INSTRUCTIONS TO FOLLOW: A faithful copy of the data below is required, leaving out every picture.

----------

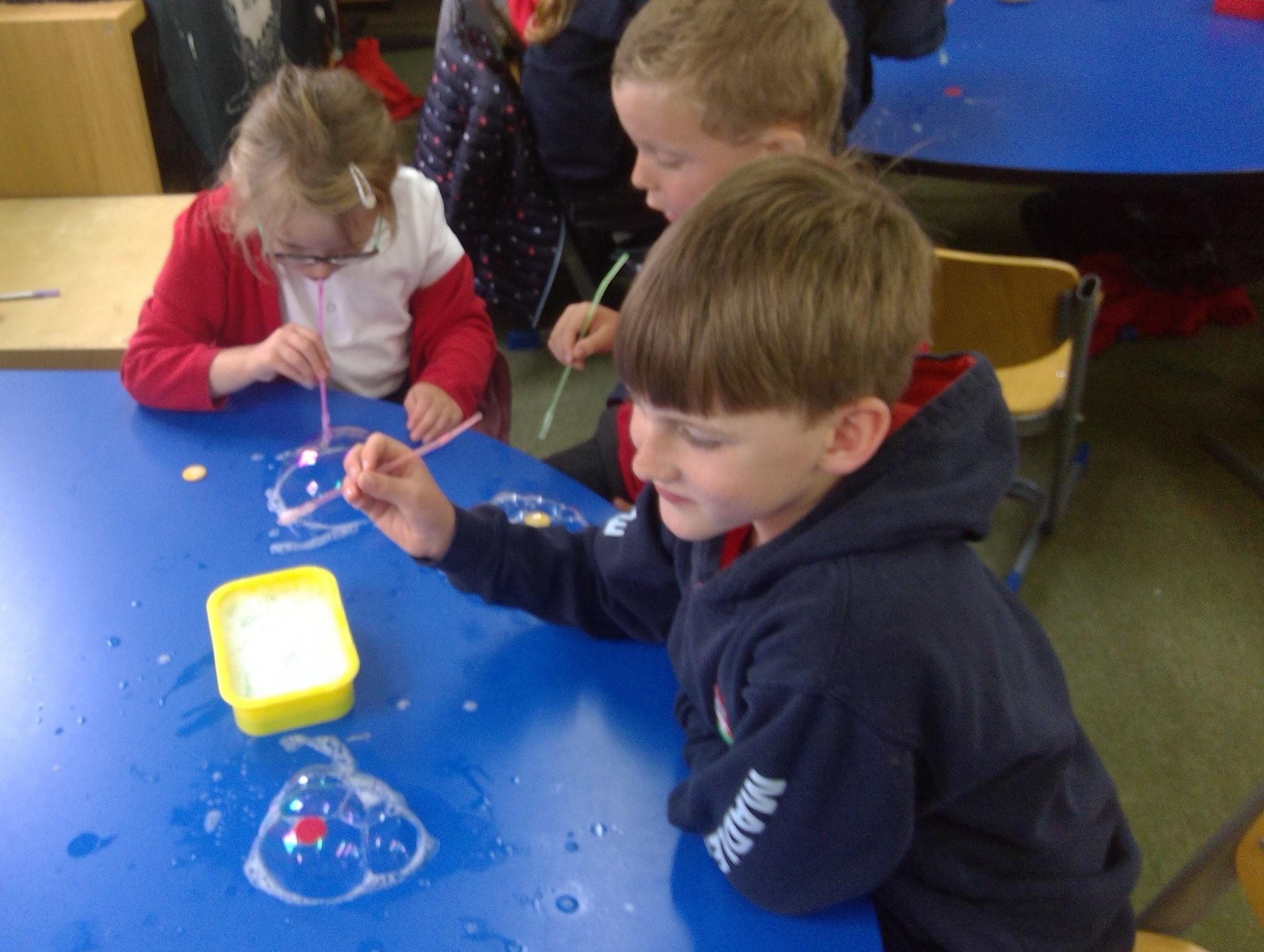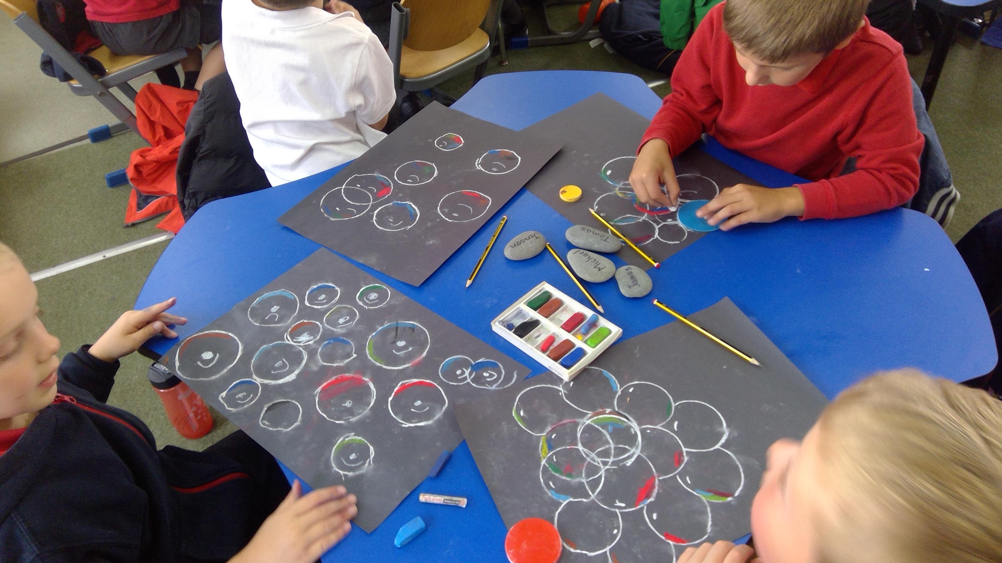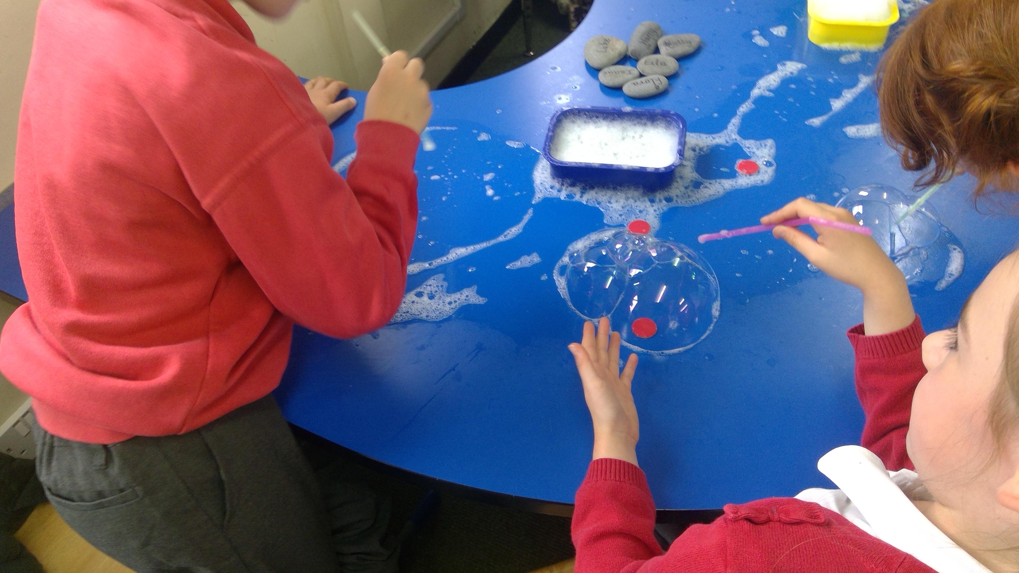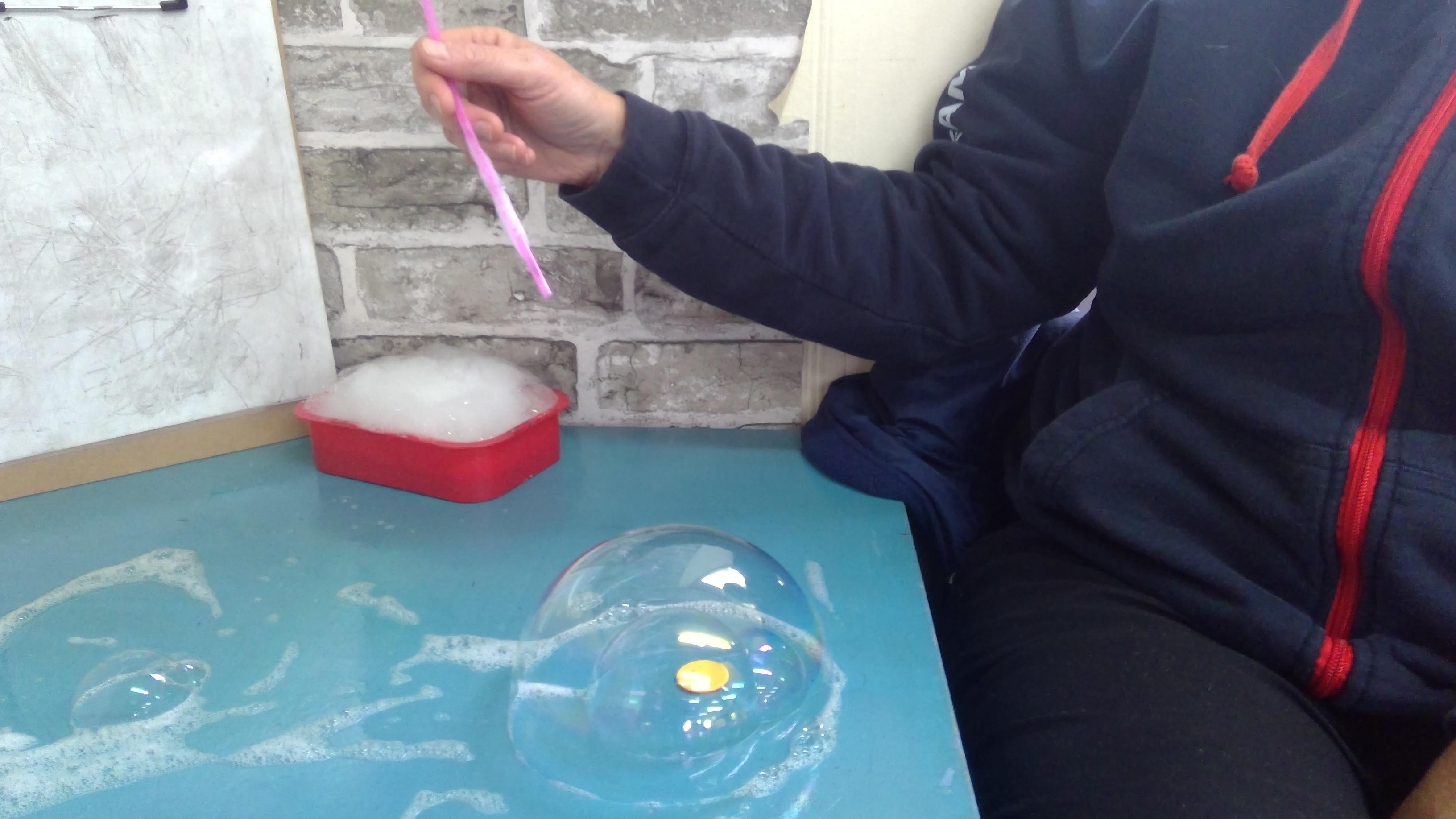 Bubble art with water and washing up liquid
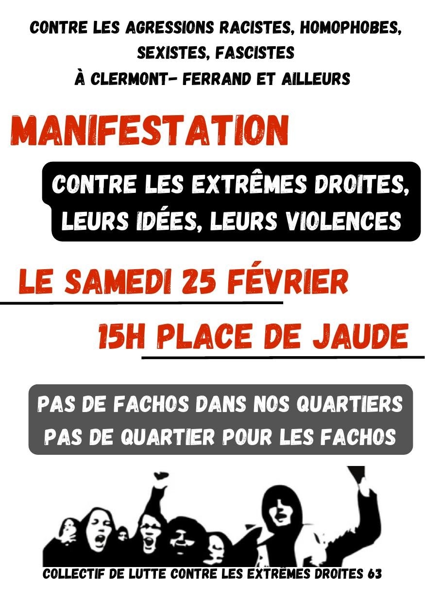 Depuis plusieurs années nous assistons à une importante montée des extrêmes droites partout en France et leurs groupuscules violents pullulent dangereusement dans les rues clermontoises. Depuis maintenant plus d’un an, les attaques sur des militant·e·s, les intimidations, les vols, attaques sur les locaux se multiplient. Pour ne citer qu’un exemple, dans la nuit du 27 au 28 anvier 2023, le local de l’UNEF Auvergne, le syndicat étudiant, a été cambriolé et saccagé, à l’intérieur même de l’Université. Ces groupes violents d’extrêmes droites ne ciblent pas seulement les militant·e·s mais aussi l’ensemble de la population, notamment dans les quartiers, les personnes racisées, les femmes, et les personnes LGBTI. D’ailleurs, ils se revendiquent eux-mêmes comme étant fascistes, et ouvertement racistes, sexistes et homophobes !
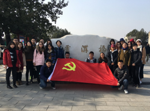 (通讯员 王天浩)11月12日,新闻传播学部新闻学本科生党支部组织开展“两学一做”主题党日活动,26名党员和入党积极分子前往卢沟桥和中国人民抗日战争纪念馆,参观革命遗址,缅怀革命先烈,以加深对党章与习总书记系列讲话精神的理解,提高学习效果。
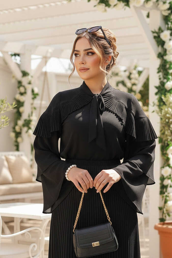 Omuz Fırfır Görünümlü Yaka Bağlamalı Katlı Kol Detay Bluz 5263 Siyah
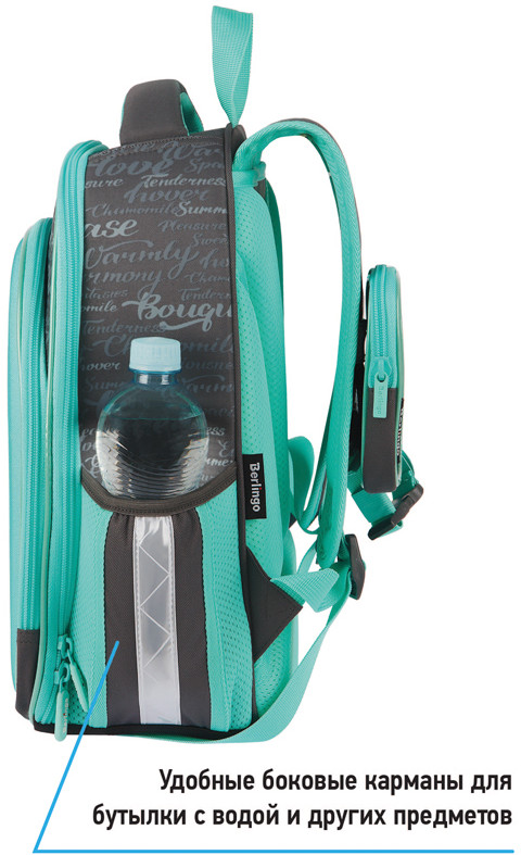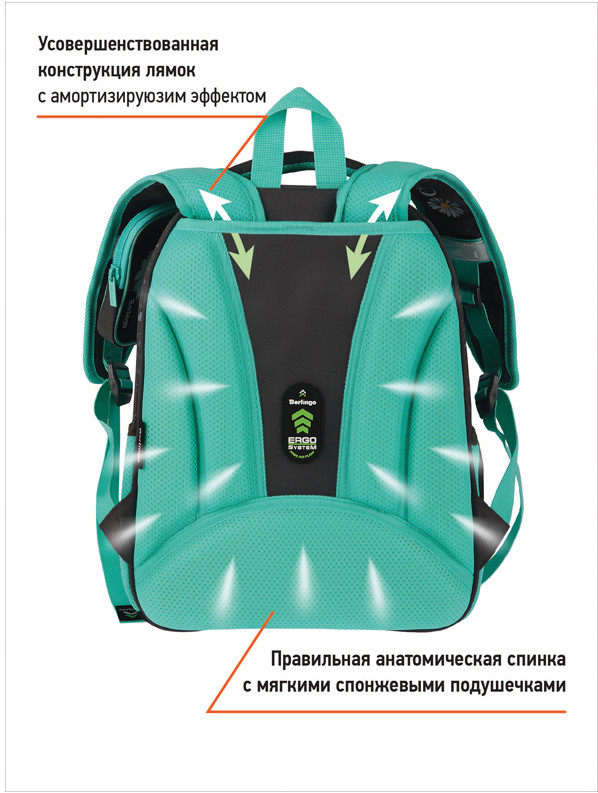 Благодаря анатомической вентилируемой спинке, а также регулируемым по длине лямкам и нагрудному креплению ранец плотно фиксируется на спине ребенка, равномерно распределяется нагрузка и сохраняется правильная осанка. Ранец оснащен усовершенствованной конструкцией лямок с амортизирующим эффектом, которая помогает снизить нагрузку на плечи и спину ребенка. Дно выполнено из водонепроницаемого материала и оснащено пластиковыми ножками для защиты содержимого от влаги. Ранец оснащен плотной ручкой и петлей для подвешивания. Световозвращающие элементы на лямках, передней и боковой частях ранца обеспечивают безопасность в темное время суток. Вес 1 кг.

----------

THE COMPLETED TASK:
 Bubble art with water and washing up liquid
 Depuis plusieurs années nous assistons à une importante montée des extrêmes droites partout en France et leurs groupuscules violents pullulent dangereusement dans les rues clermontoises. Depuis maintenant plus d’un an, les attaques sur des militant·e·s, les intimidations, les vols, attaques sur les locaux se multiplient. Pour ne citer qu’un exemple, dans la nuit du 27 au 28 anvier 2023, le local de l’UNEF Auvergne, le syndicat étudiant, a été cambriolé et saccagé, à l’intérieur même de l’Université. Ces groupes violents d’extrêmes droites ne ciblent pas seulement les militant·e·s mais aussi l’ensemble de la population, notamment dans les quartiers, les personnes racisées, les femmes, et les personnes LGBTI. D’ailleurs, ils se revendiquent eux-mêmes comme étant fascistes, et ouvertement racistes, sexistes et homophobes !
 (通讯员 王天浩)11月12日,新闻传播学部新闻学本科生党支部组织开展“两学一做”主题党日活动,26名党员和入党积极分子前往卢沟桥和中国人民抗日战争纪念馆,参观革命遗址,缅怀革命先烈,以加深对党章与习总书记系列讲话精神的理解,提高学习效果。
 Omuz Fırfır Görünümlü Yaka Bağlamalı Katlı Kol Detay Bluz 5263 Siyah
 Благодаря анатомической вентилируемой спинке, а также регулируемым по длине лямкам и нагрудному креплению ранец плотно фиксируется на спине ребенка, равномерно распределяется нагрузка и сохраняется правильная осанка. Ранец оснащен усовершенствованной конструкцией лямок с амортизирующим эффектом, которая помогает снизить нагрузку на плечи и спину ребенка. Дно выполнено из водонепроницаемого материала и оснащено пластиковыми ножками для защиты содержимого от влаги. Ранец оснащен плотной ручкой и петлей для подвешивания. Световозвращающие элементы на лямках, передней и боковой частях ранца обеспечивают безопасность в темное время суток. Вес 1 кг.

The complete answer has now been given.